### EXTRACTED MATERIAL
##########
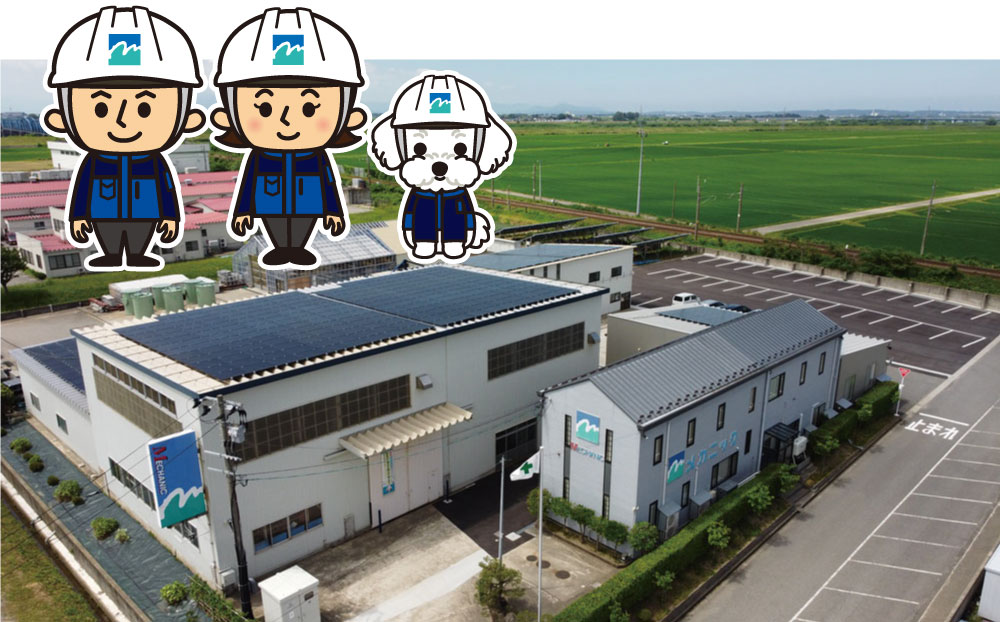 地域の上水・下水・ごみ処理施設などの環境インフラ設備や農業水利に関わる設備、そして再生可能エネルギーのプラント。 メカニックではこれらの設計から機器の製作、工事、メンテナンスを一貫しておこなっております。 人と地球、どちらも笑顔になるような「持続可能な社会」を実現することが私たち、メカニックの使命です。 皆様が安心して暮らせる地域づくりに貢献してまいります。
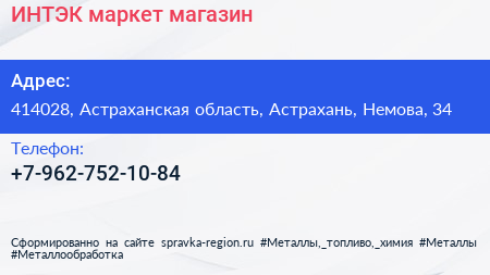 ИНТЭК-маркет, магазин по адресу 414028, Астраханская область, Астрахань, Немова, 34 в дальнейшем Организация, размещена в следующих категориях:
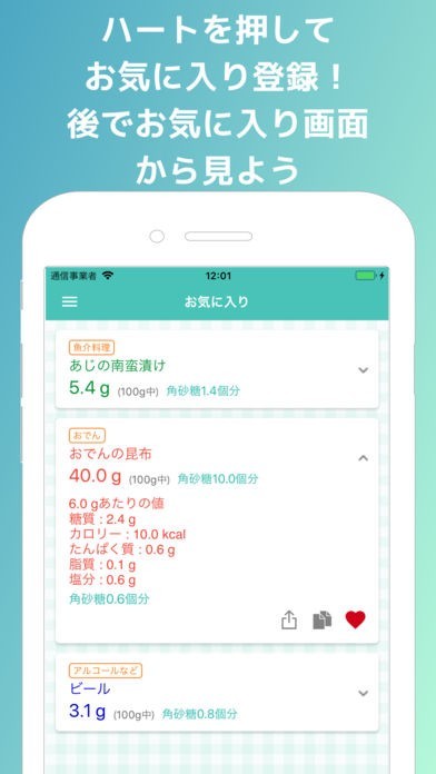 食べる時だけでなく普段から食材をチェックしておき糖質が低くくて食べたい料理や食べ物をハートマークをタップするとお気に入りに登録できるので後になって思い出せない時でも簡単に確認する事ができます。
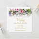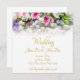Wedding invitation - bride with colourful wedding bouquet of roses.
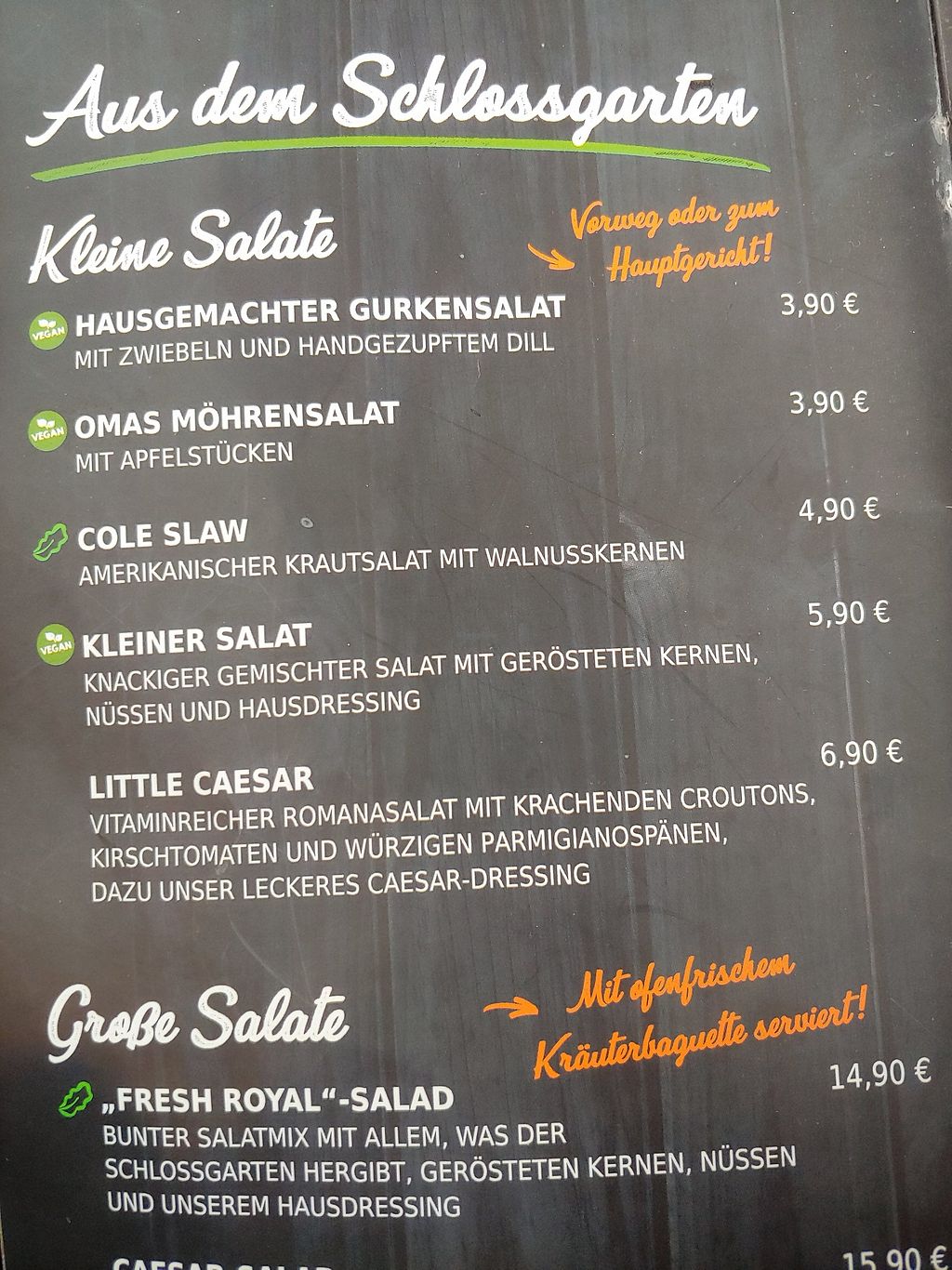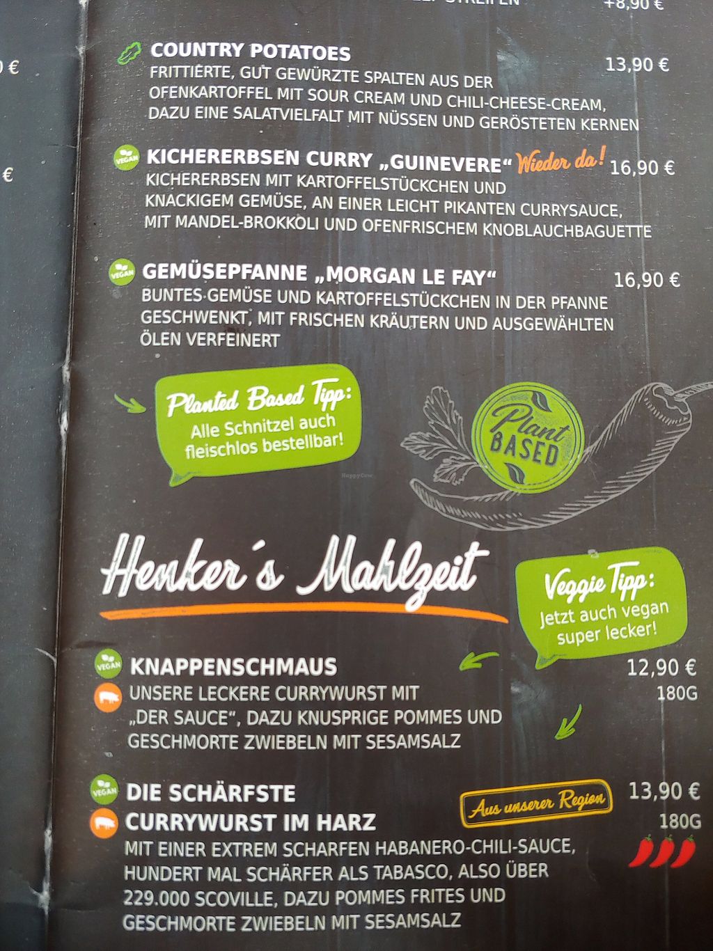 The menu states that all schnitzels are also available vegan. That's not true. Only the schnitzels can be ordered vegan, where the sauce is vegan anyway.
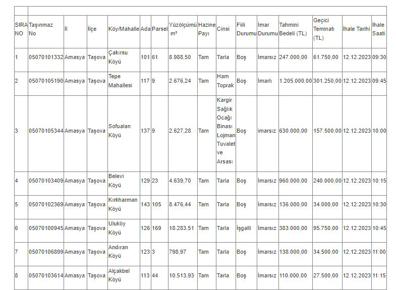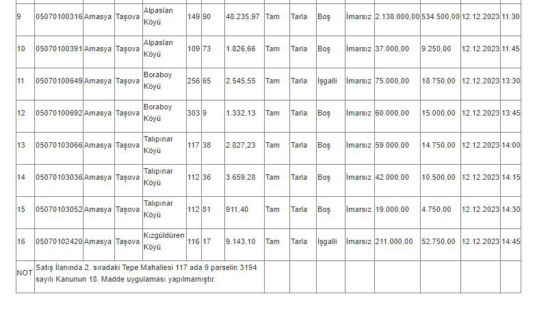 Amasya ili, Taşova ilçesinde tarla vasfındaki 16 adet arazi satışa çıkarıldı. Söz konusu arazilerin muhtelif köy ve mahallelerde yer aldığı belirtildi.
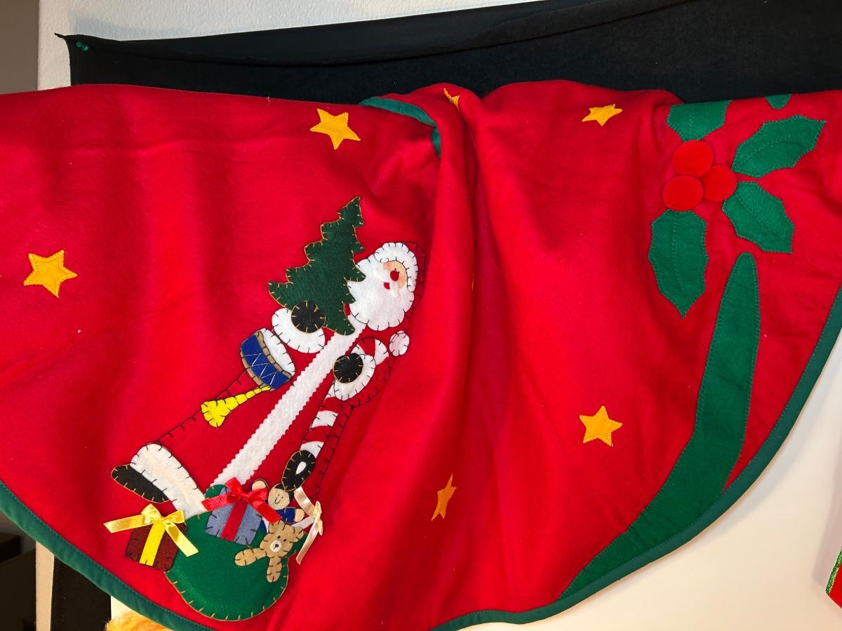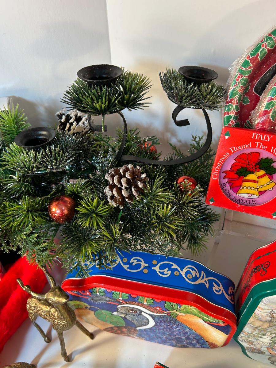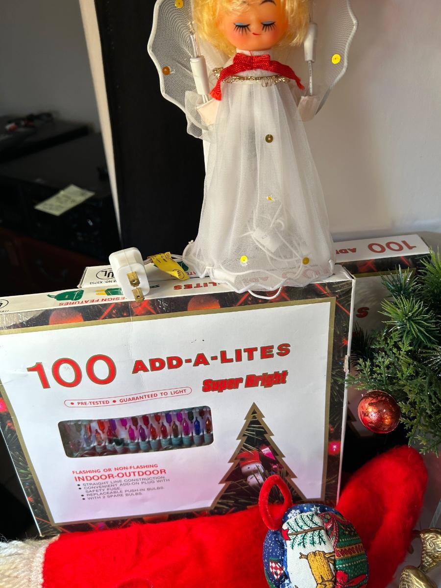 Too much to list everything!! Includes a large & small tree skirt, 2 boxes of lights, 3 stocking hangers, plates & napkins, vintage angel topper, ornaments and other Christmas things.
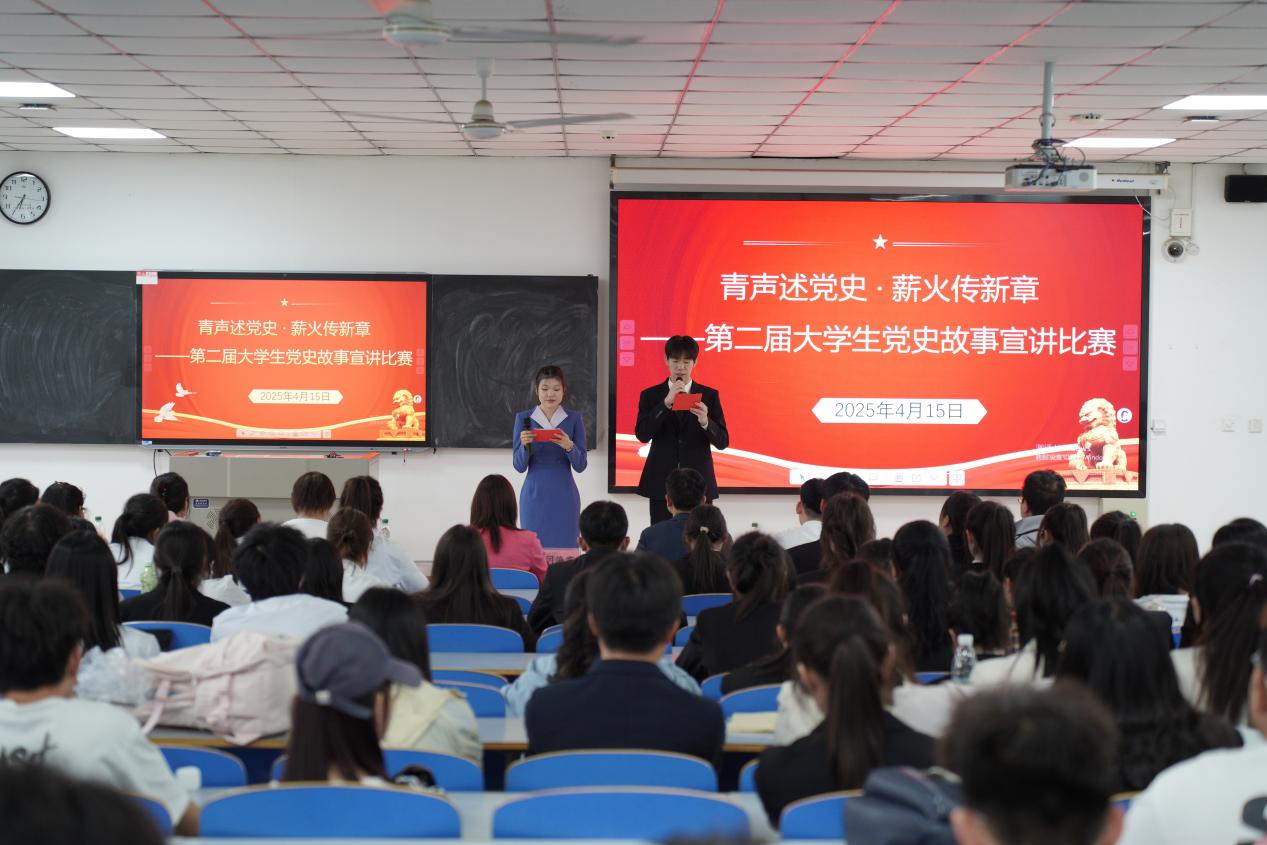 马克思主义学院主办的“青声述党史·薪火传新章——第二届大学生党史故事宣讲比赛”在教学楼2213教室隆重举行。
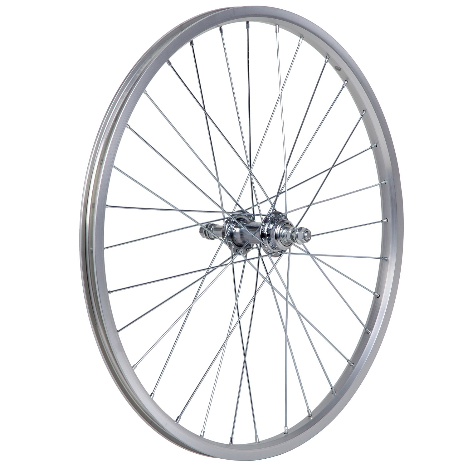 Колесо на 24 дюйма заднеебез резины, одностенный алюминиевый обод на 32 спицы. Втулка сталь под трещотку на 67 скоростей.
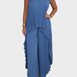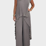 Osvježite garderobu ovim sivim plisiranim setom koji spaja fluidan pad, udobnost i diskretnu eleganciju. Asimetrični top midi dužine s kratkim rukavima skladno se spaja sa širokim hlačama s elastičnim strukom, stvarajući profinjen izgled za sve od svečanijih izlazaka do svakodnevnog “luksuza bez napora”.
##########
### TASK TO COMPLETE
Please transcribe, word for word, every line from the first line of the records above through the line containing "ИНТЭК-маркет, магазин по", and leave out any pictures.

### EXERCISE RESULT
 地域の上水・下水・ごみ処理施設などの環境インフラ設備や農業水利に関わる設備、そして再生可能エネルギーのプラント。 メカニックではこれらの設計から機器の製作、工事、メンテナンスを一貫しておこなっております。 人と地球、どちらも笑顔になるような「持続可能な社会」を実現することが私たち、メカニックの使命です。 皆様が安心して暮らせる地域づくりに貢献してまいります。
 ИНТЭК-маркет, магазин по адресу 414028, Астраханская область, Астрахань, Немова, 34 в дальнейшем Организация, размещена в следующих категориях:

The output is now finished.